EXERCISE PROMPT
Exactly as written, return every line of the data below apart from the pictures.

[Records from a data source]
==========

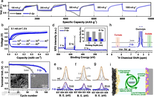 图4、(a)锂-氧气电池倍率性能。(b)-(d)锂-氧气电池循环稳定性及循环后锂金属形貌表征。(d)-(g)循环一定圈数的锂-氧气电池中锂金属表面物种分析。(h)循环一定圈数的锂-氧气电池副产物表征。(i)引入氟化石墨烯实现长稳定循环的锂-氧气电池机理示意图。
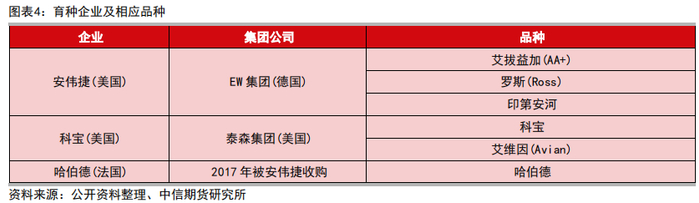 当前肉鸡市场上的主要白羽鸡育种公司有安伟捷(Aviagen)、科宝(Cobb-Vantress)、哈伯德(Hubbard)三家公司,三者占全球市场份额在95%以上。
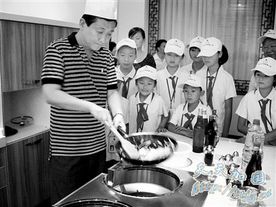为了款待这些孩子们,梁天决定亲自下厨炒菜。 戴上厨师帽,梁天显得挺专业,孩子们也哄地一下围上来,想看看梁校长是怎么炒菜的。
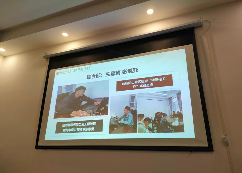 座谈伊始,郭海涛首先对本阶段研究生实习工作进展进行了全面介绍,对同学们的实习态度与工作能力给予了高度认可,指出基地十分重视实习生的全面锻炼,通过轮岗体验、富有特色的文旅活动组织参与调查研究课题的有序推进,提高了大家的综合素养,接下来会进一步增加实习工作的挑战性,在文旅投资与市场营销等领域挖掘实习生潜力,实现实习与就业的充分挂钩。接着兰嘉琪代表实习同学从文旅集团概况、淇县全域旅游资源分布、实习岗位职责、阶段性实习成果、调研选题的进展、实习心得体会和未来展望等进行汇报,充分展现了该组实习工作的扎实、有序与成效。与会导师围绕同学们的选题与调研情况,结合基地实际情况给予了详细的指导。刘英基代表学院感谢基地给予实习生优质实习岗位与全面培养的用心安排,指出同学们不仅对淇县全域旅游发展现状、文旅项目投资与运营机制、文旅商户的选择与管理等有了深度的参与与思考,而且毕业选题全部结合基地,实现了我院“三位一体”融通发展的研究生培养模式的真正落地。进一步强调了实习实践对于研究生专业能力培养、职业生涯规划、就业择业等方面的重要意义,激发了实习生的集体共鸣。
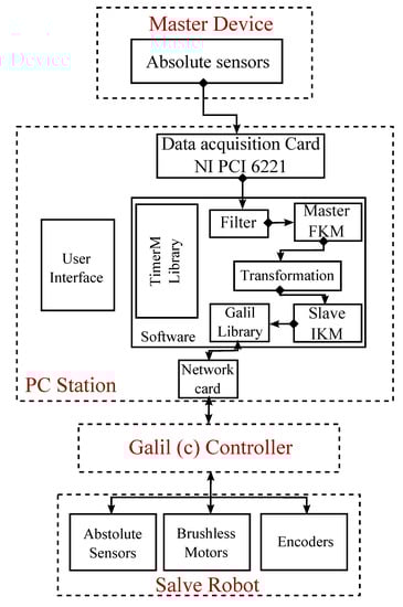 The master device is designed to control the motion of the surgical robot. The motion control scheme is presented in Figure 12. The main control unite is a PC Station. An application was developed to calculate the orientation of the new master device using the sensor data collected using an acquisition card. Then, the corresponding slave orientation is determinate using a transformation method [22]. Finally, the slave active joint motions are solved using the Inverse Kinematic Model of the slave robot. The slave data are transferred to a PLC (the Galil(c) Controller) which controls in real-time the motion of the slave robot.
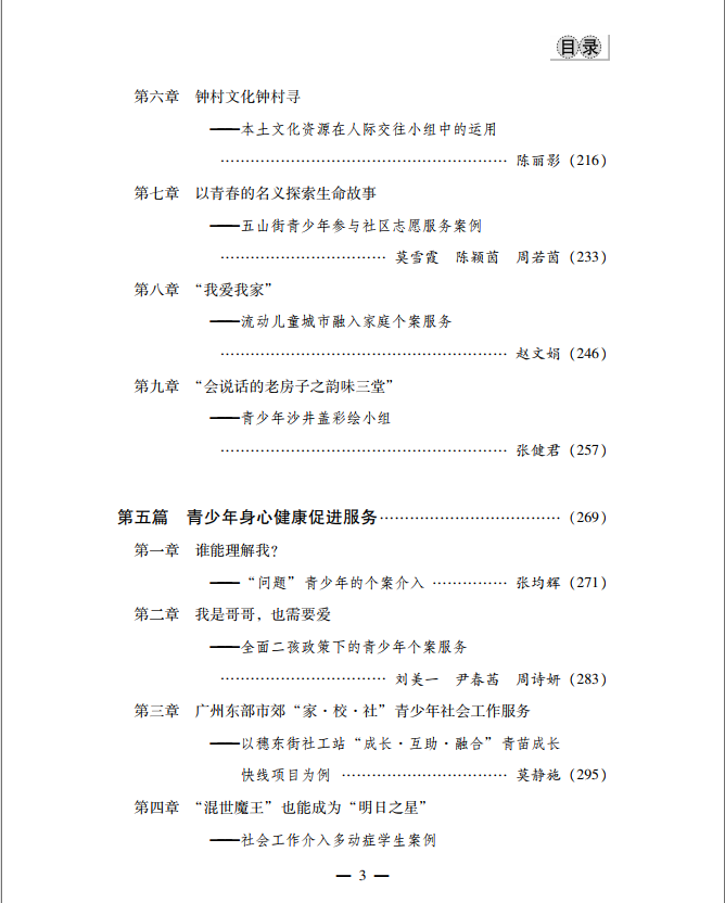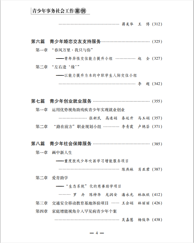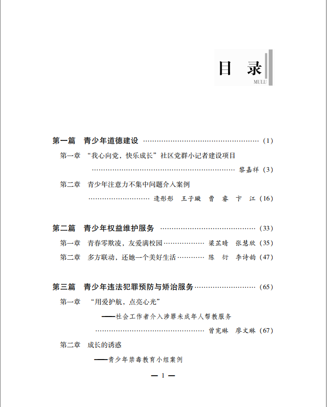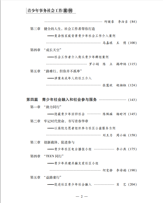 本书案例比较全面地反映了青少年事务社会工作的主要领域,体现了青少年事务社会工作实务经验的丰富性。本书案例所涉及的青少年事务社会工作领域有九个:青少年道德建设、青少年权益维护服务、青少年违法犯罪预防与矫治服务、青少年社会融入和社会参与服务、青少年身心健康促进服务、青少年婚恋交友支持服务、青少年创业就业服务、青少年社会保障服务、青少年事务社会工作项目管理。所有案例均具有一定的现实意义和可操作性,可代表青少年事务社会工作的一般操作程序,反映了青少年事务社会工作的特色,对同类服务具有积极的示范作用。

==========

OUTPUT FOR THIS TASK
 图4、(a)锂-氧气电池倍率性能。(b)-(d)锂-氧气电池循环稳定性及循环后锂金属形貌表征。(d)-(g)循环一定圈数的锂-氧气电池中锂金属表面物种分析。(h)循环一定圈数的锂-氧气电池副产物表征。(i)引入氟化石墨烯实现长稳定循环的锂-氧气电池机理示意图。
 当前肉鸡市场上的主要白羽鸡育种公司有安伟捷(Aviagen)、科宝(Cobb-Vantress)、哈伯德(Hubbard)三家公司,三者占全球市场份额在95%以上。
为了款待这些孩子们,梁天决定亲自下厨炒菜。 戴上厨师帽,梁天显得挺专业,孩子们也哄地一下围上来,想看看梁校长是怎么炒菜的。
 座谈伊始,郭海涛首先对本阶段研究生实习工作进展进行了全面介绍,对同学们的实习态度与工作能力给予了高度认可,指出基地十分重视实习生的全面锻炼,通过轮岗体验、富有特色的文旅活动组织参与调查研究课题的有序推进,提高了大家的综合素养,接下来会进一步增加实习工作的挑战性,在文旅投资与市场营销等领域挖掘实习生潜力,实现实习与就业的充分挂钩。接着兰嘉琪代表实习同学从文旅集团概况、淇县全域旅游资源分布、实习岗位职责、阶段性实习成果、调研选题的进展、实习心得体会和未来展望等进行汇报,充分展现了该组实习工作的扎实、有序与成效。与会导师围绕同学们的选题与调研情况,结合基地实际情况给予了详细的指导。刘英基代表学院感谢基地给予实习生优质实习岗位与全面培养的用心安排,指出同学们不仅对淇县全域旅游发展现状、文旅项目投资与运营机制、文旅商户的选择与管理等有了深度的参与与思考,而且毕业选题全部结合基地,实现了我院“三位一体”融通发展的研究生培养模式的真正落地。进一步强调了实习实践对于研究生专业能力培养、职业生涯规划、就业择业等方面的重要意义,激发了实习生的集体共鸣。
 The master device is designed to control the motion of the surgical robot. The motion control scheme is presented in Figure 12. The main control unite is a PC Station. An application was developed to calculate the orientation of the new master device using the sensor data collected using an acquisition card. Then, the corresponding slave orientation is determinate using a transformation method [22]. Finally, the slave active joint motions are solved using the Inverse Kinematic Model of the slave robot. The slave data are transferred to a PLC (the Galil(c) Controller) which controls in real-time the motion of the slave robot.
 本书案例比较全面地反映了青少年事务社会工作的主要领域,体现了青少年事务社会工作实务经验的丰富性。本书案例所涉及的青少年事务社会工作领域有九个:青少年道德建设、青少年权益维护服务、青少年违法犯罪预防与矫治服务、青少年社会融入和社会参与服务、青少年身心健康促进服务、青少年婚恋交友支持服务、青少年创业就业服务、青少年社会保障服务、青少年事务社会工作项目管理。所有案例均具有一定的现实意义和可操作性,可代表青少年事务社会工作的一般操作程序,反映了青少年事务社会工作的特色,对同类服务具有积极的示范作用。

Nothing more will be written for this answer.